Re: Kuratowski Ordered Pair
- From: noel etters
- Date: Thu, 13 Dec 2007 03:42:17 +0000
On Mon, 10 Dec 2007 03:40:34 -0800 (PST), Hero <Hero.van.Jindelt@xxxxxx>
wrote:
Hero wrote:Because it allows (a, b) (eg (left shoe, right shoe) to be equal to
noel etters wrote:
...........In other words, defining pairs and
tuples in this way bulds in a kind of chiral factor, as if the universe of
sets was either left-hand or right-handed. But this chirality is precisely
the thing to be defined.
It is not chirality which characterizes an ordered pair of math.
When the customer is satisfied he will leave with a pair of shoes,....
which are two shoes with some kind of ordering, ordered out of a set
of shoes.
Another example of this typ of ordering, which is not the ordering
of ordered pairs in math done by a farmer choosing out of his
animals:
{mare, stallion } {ram, ewes }{sow, boar }{rooster(***), hen }
In this thread several definitions of ordered pairs and tuples were
given, the Kuratowski, the Wiener, the G.Frege. They all satisfy the
characteristic property
(a, b ) = ( u, v ) <===> a = u and b = v.
But this property is not sufficent to define ordered pairs, so how can
we conclude that these definitions give us ordered pairs, how do we
know they are equivalent in respect to it?
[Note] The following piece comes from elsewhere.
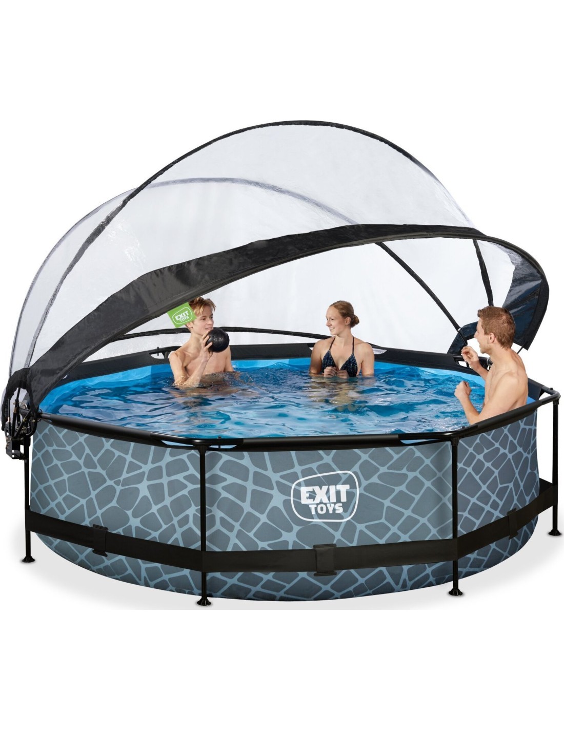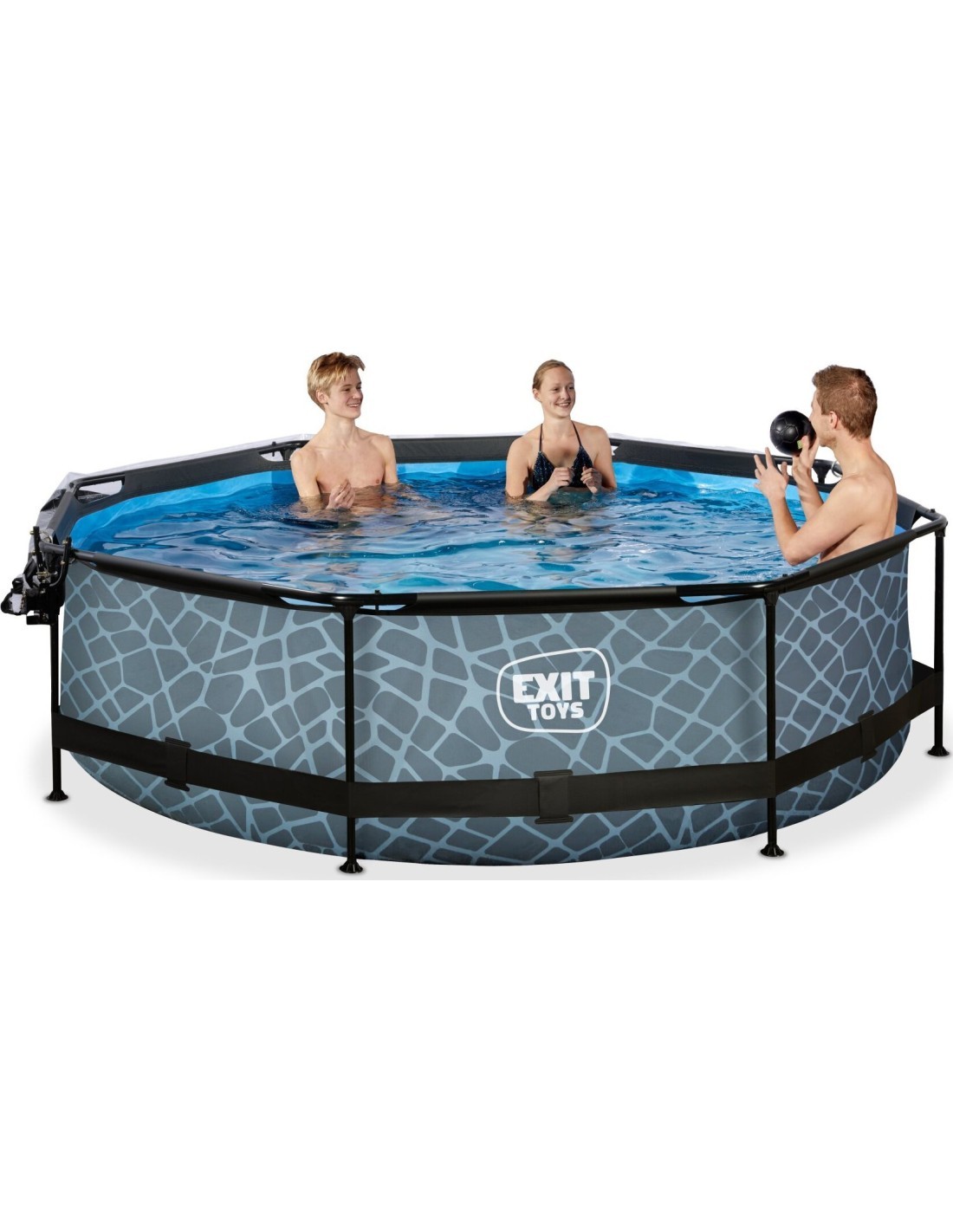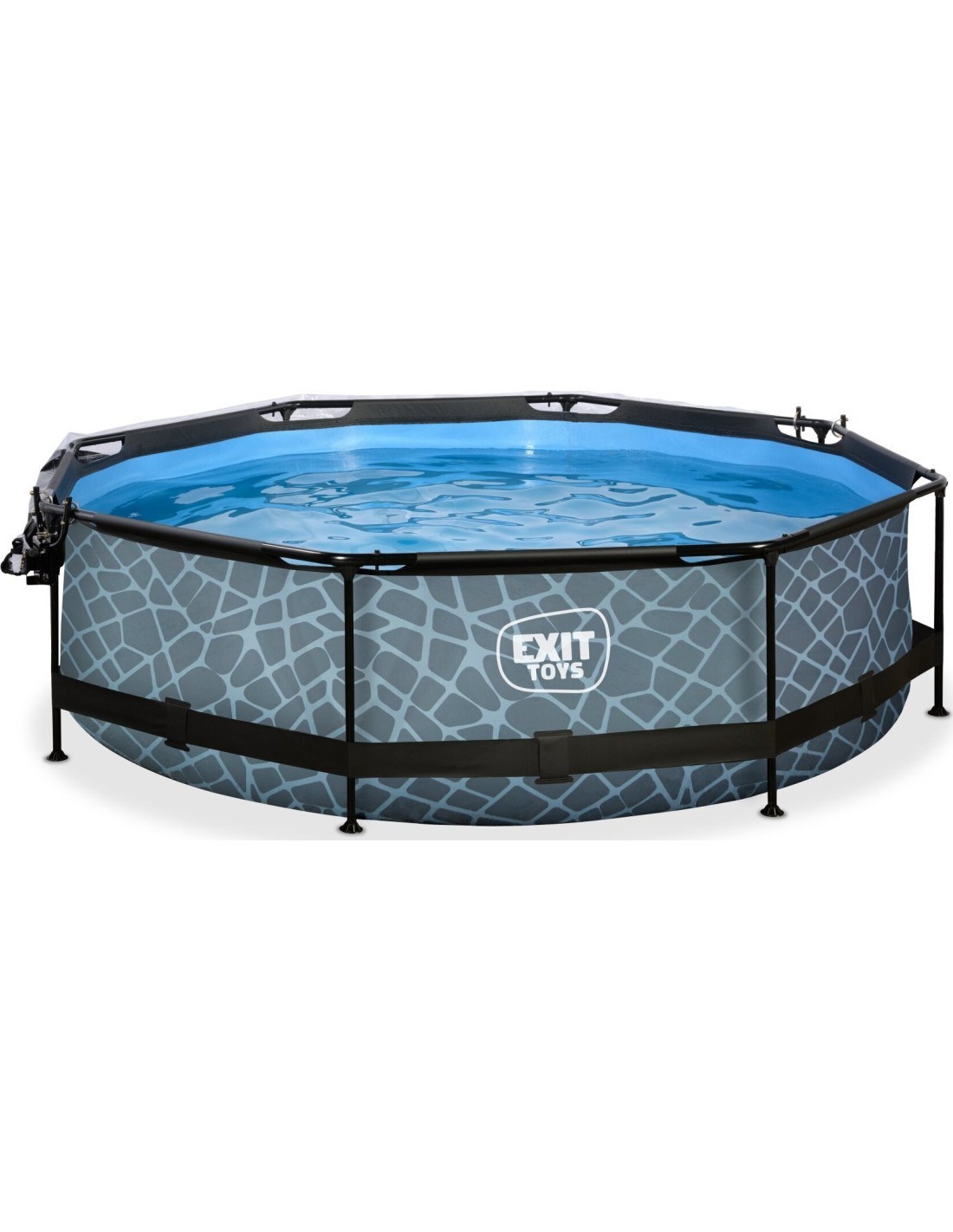 Baseins EXIT Stone ø300x76cm ir apaļš pelēkas krāsas rāmja baseins ar kupolu. Baseins ir aprīkots ar filtra sūkni un patiešām izceļas ar vēso akmens rakstu. Vai meklējat jautru, bet arī unikālu un kvalitatīvu rāmja baseinu savam dārzam? Izstādi ar EXIT Toys apaļajiem baseiniem!

Here a set-theory- definition of the shoe-pair, not bases on a prior
definition of an ordered pair :
Given the sets A and B with A n B = { } so
{ { a, b } | a e A and b e B } is set of pairs with components/
elements of A u B
with a kind of ordering.
Why are these shoes not ordered pairs in the mathematical sense?
(b, a) (right shoe, left shoe). But obviously you are aware of that. Also
the stipulation that A n B be {} seems unduly restrictive. But actually the
suggestion that the notion of order is located outside the usual
set-theoretic definitions is interesting.
Instead of asking directly what is meant by an ordered pair or
n-tuple, I think it's interesting to ask instead what is involved in the
so-called characteristic property. So we have some definition for an
n-tuple, an ordered triple, say, (a, b, c), which gives us an expression
using a, b, c, which we can write as E[a, b, c], such that:
E[a, b, c] = E[u, v, w]
iff
a=u and b=v and c=w.
What does this mean? Shocking as this may seem, I do not think it
has anything necessarily to do with order. What it guarantees is that we
have a kind of differentiated triple, in the sense that in (a, b, c),
should it turn out that a=b, then there are still two instances of a (or
b). A defintion satisfying the characteristic property has everything to do
with ensuring that (a, b, c) cannot be equal to (a, b), for example, and
nothing directly to do with order.
When we write:
(a, b, c) = (u, v, w)
only if we already understand that a comes first, b second, c third
(likewise for u, v, w) do we know what we are equating with what. The
characteristic property is not enough, or rather it already presupposes the
essential order.
Get away from the use of consecutive letters.
(x, c, p) = (d, r, t)
If the characteristic property were enough, that x=d and c=r and p=t, how
would we know not to write (x, c, p) as, say, (c, x, p), so that
(x., c, p) = (d, r, t) = (c, x, p) = (p, c, x) = (t, d, r) etc
and all the while we understand that x=d and c=r and p=t?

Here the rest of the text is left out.